Either you did the math wrong or selectively picked plus or minus at
each decision point to get what you wanted.
Do the math--changing from j = (x+Dy-1)/D to j = (x+Dy+1)/D
merely changes the signs of x and y and hence has no effect
on the final result, namely that
|r + c| = 2(2v - (D - 1))^2
|r - c| = 8D v^2
All that changing the sign in j does is swap the right
hand sides of the two results above.
I think there should be at least 4 potential solutions for x and y
that emerge if you do the algebra right.
Sure, plus or minus either. No substantial changes.
Further it is clear now that solving the factoring problem is simpler
than I realized before, as rather than bother finding minima, you can,
if you have solutions with y, where y = s(v)/c(v), simply solve for v
such that s(v) = 1 or -1.
Heh. How do you propose to do that?
Which guarantees:
(r+c)(r-c) = D
There are 4 potential solutions so I'd guess that for at least one
you'd have r+c or r-c = D or - D, which may be what you deliberately
found to post, but there will also be solutions which factor D.

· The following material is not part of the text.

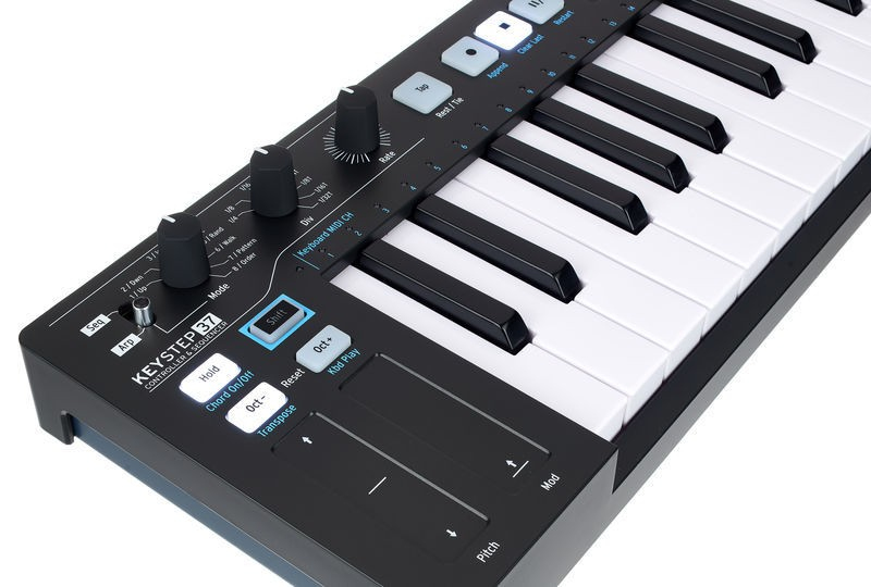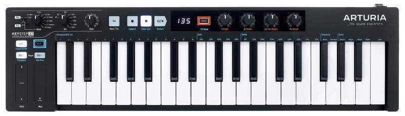 Это последнее издание семейства KeyStep добавляет светодиоды RGB на каждую клавишу для мгновенного отклика на вашу последовательность, арпозицию и масштаб, а также 4 ручки со светодиодным экраном, которые обеспечивают мгновенный доступ к вдохновляющим выразительным инструментам и настройкам MIDI для полного творческого контроля. Также были добавлены квантование шкалы, позволяющие сопоставить 3-октавный диапазон клавиатуры со шкалой по вашему выбору в режиме масштабирования.

You posted against a trivially easy solution to the factoring problem
by doing the math wrong.
Actually, the math is right. The problem is with your unwillingness
to check it yourself. I completely understand your reluctance is
caused by your belief that you have a groundbreaking factoring
algorithm, but the fact is that while you do indeed have a
factoring algorithm, it is for all practical purposes nothing
but trying numbers until you find a factor of D.
Regards,
Rick
.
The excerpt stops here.